Hey, guys. Thanks for fitting me in and congrats on the FOURIER data. Just wondering if there's anything to learn from the statin experience when we first saw outcomes benefits there as to whether the key is the data, the data presentation, the publication of the data, or the guideline revision in terms of what really drives the inflection of following these kind of outcomes data. Thanks.

Maybe I can respond to that because I'm probably old enough to remember, right. I mean so (78:01) happened in the mid 1990s. The market was dramatically different. It was the first time we'd ever seen real impact of lowering LDL. And clearly, there weren't as many sort of utilization management criteria as exists today. So uptake started quite fast as people saw the value. But it was a brand new concept, so it took a good 10 years to get to the peak of the market.

All right. I think at this time, we'll wrap up.
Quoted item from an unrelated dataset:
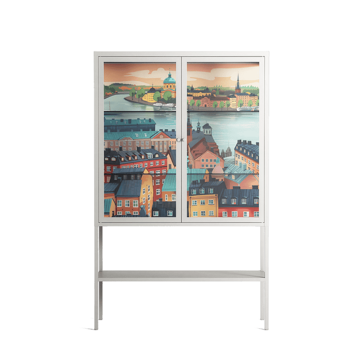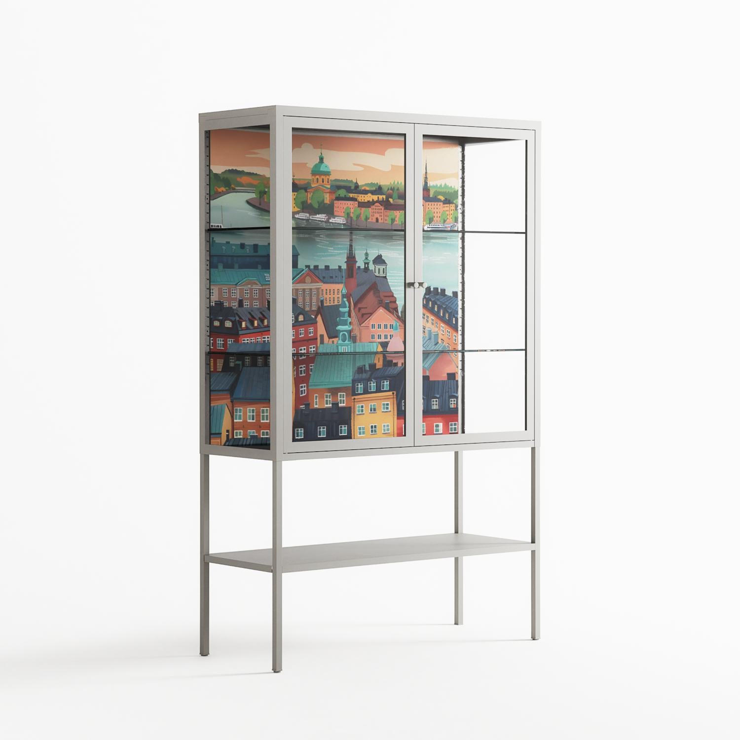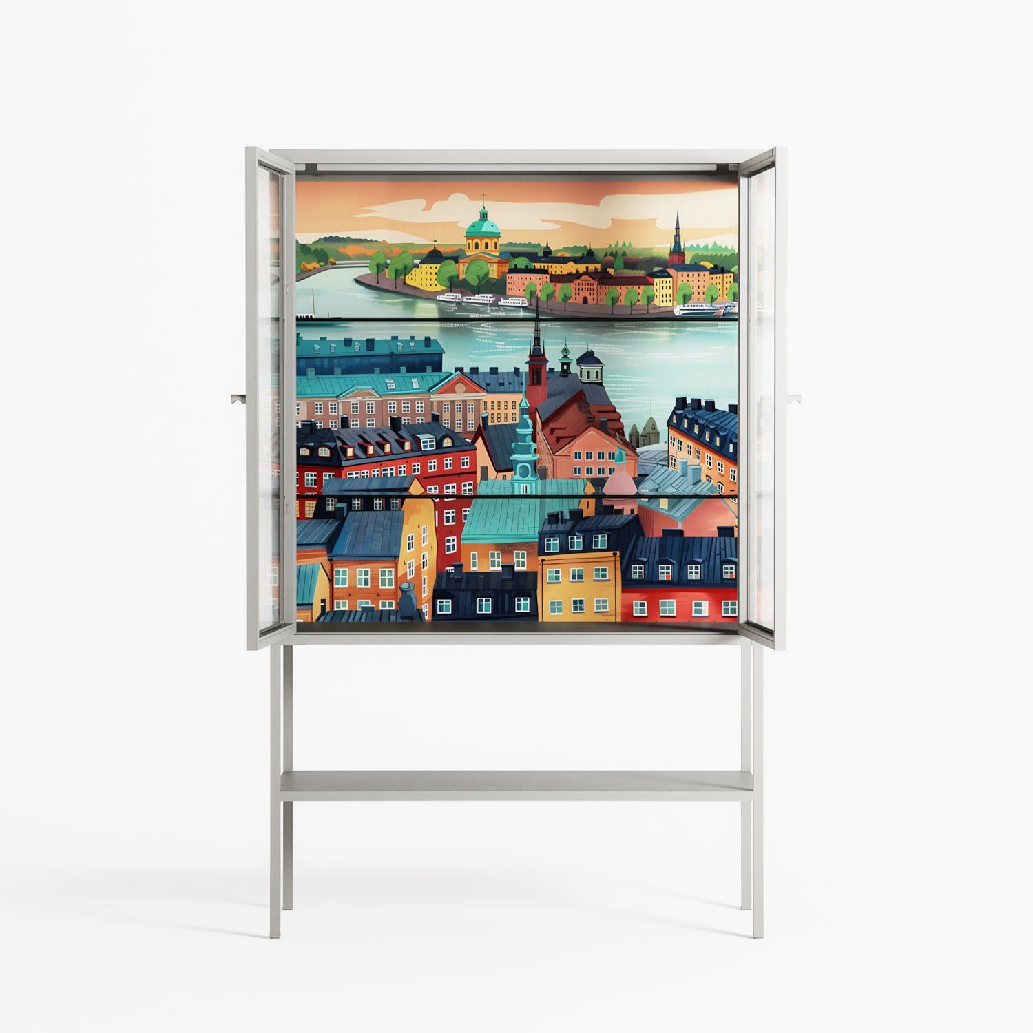 Gamla Stan by Nur Rydberg, displayed within the Vitrine Loft Cabinet behind Clear glass. Finished in the colour Chalk, the cabinet becomes a frame for the artwork and the objects within.

As I said earlier, Arvind and his team are around for those of you who have follow-on questions or didn't get a chance to ask your questions in the hour and a bit that we've been together. But let me just again thank you for joining the call and say we're looking forward to the year. We're excited about the outlook for long-term growth and about the progress that we're making towards our 2018 commitments. So with that, we'll look forward to seeing you all at ACC. Thank you.

Thanks, everybody.

Thank you. This concludes today's conference call. You may now disconnect.